I've managed to install CentOS 6 on a 192MB virtual machine using LiveCD install-to-disk graphical method.
This is not normally possible because of: - hard-coded minimum supported memory in Anaconda installer - it will show a message "You do not have enough RAM to install CentOS Linux on this machine" if you try or force you to use seriously crippled text installer; - a bug in Anaconda installer, which prevents it from using swap during installation.
I think it would be useful to be able to install CentOS 6 (or Scientific Linux 6 or RedHat Enterprise Linux - RHEL 6) on low memory old computer or laptop, as it can be very capable firewall, home www server, proxy etc.
So the procedure is as follows:
1. Boot to 32-bit CentOS LiveCD (CentOS-6.0-i386-LiveCD.iso) in graphical mode (if you have at least 256MB RAM) or text mode (if you have less than 256MB RAM).
2. Login as root.
3. Edit a file /usr/sbin/anaconda - using vim in text mode or gedit in graphical mode - search for "within" and modify function "within_available_memory" adding a line "return True" like this: def within_available_memory(needed_ram): return True # kernel binary code estimate that is # not reported in MemTotal by /proc/meminfo epsilon = 15360 # 15 MB return needed_ram < (iutil.memInstalled() + epsilon) This would get rid of artificial hard-coded memory requirement.
4. Edit a file /usr/lib/anaconda/storage/__init__.py - search for 4th occurrence of "swapoff" and modify a fragment of function "umountFilesystems" from: for device in devices: if not device.format.mountable and \ (device.format.type != "swap" or swapoff): continue to: for device in devices: if not (device.format.mountable and \ (device.format.type != "swap" or swapoff)): continue (add parentheses - left one after "if not" and right one after "or swapoff"). This would fix a bug in installer.
5. Run "liveinst" which should start graphical installer.
6. During installation create swap partition so that you have at least 1GB of available memory (RAM+swap) (default setup should suffice, but I personally do not recommend it as it used LVM, which AFAIK prevents disks from using barriers).
The bug is reported upstream: https://bugzilla.redhat.com/show_bug.cgi?id=708966 but for Fedora Linux.
Regards Tometzky
On Wed, 27 Jul 2011, Tomasz Ostrowski wrote:
I've managed to install CentOS 6 on a 192MB virtual machine using LiveCD install-to-disk graphical method.
<snip rework of Anaconda, Live CD discussions>
I think you are over-thnking this.
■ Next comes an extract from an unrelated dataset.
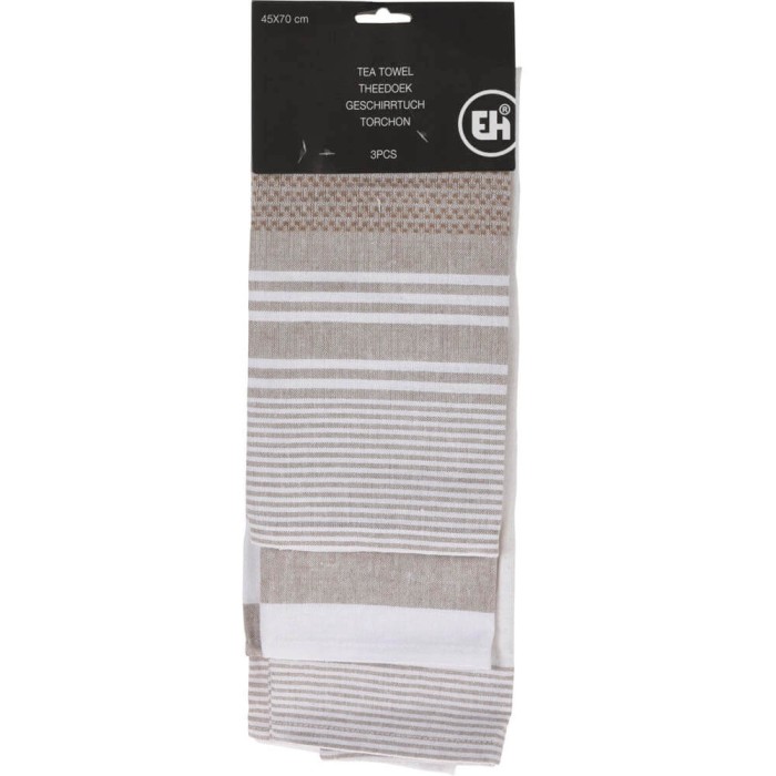 3 paños de cocina diseño rayas confeccionados en tejido de algodón.

Anaconda is overkill if all you want to do is blow images onto arbitrary hardware
So long as you are going through all this, why not just install to taste into a chroot with yum or RPM, rsync into a prepared hard drive, optionally fix up the fstab grub.conf settings, and run grubby or do a mkinitrd and grub initialization
(The transfer and bootloader fixup my be done with a minimal image, PXE loaded, so one does not even need a working CD/DVD/ USB port. PXE has been on substantially all hardware built for the last decade)
That approach is portable, and works across all CentOS variants
-- Russ herrold
On 07/27/2011 01:06 PM, R P Herrold wrote:
On Wed, 27 Jul 2011, Tomasz Ostrowski wrote:
I've managed to install CentOS 6 on a 192MB virtual machine using LiveCD install-to-disk graphical method.
So long as you are going through all this, why not just install to taste into a chroot with yum or RPM, rsync into a prepared hard drive, optionally fix up the fstab grub.conf settings, and run grubby or do a mkinitrd and grub initialization
I think installing using installer, even if you have to hack it a little, is much easier and faster than that. And allows for easy partitioning, setting up for example software RAID etc. And installer will take care of proper selinux labeling, partition alignment etc.
Installing normally on a virtual machine of the same disk size as target system and then copying disk image over network using LiveCD is another possible approach, also simpler than yours.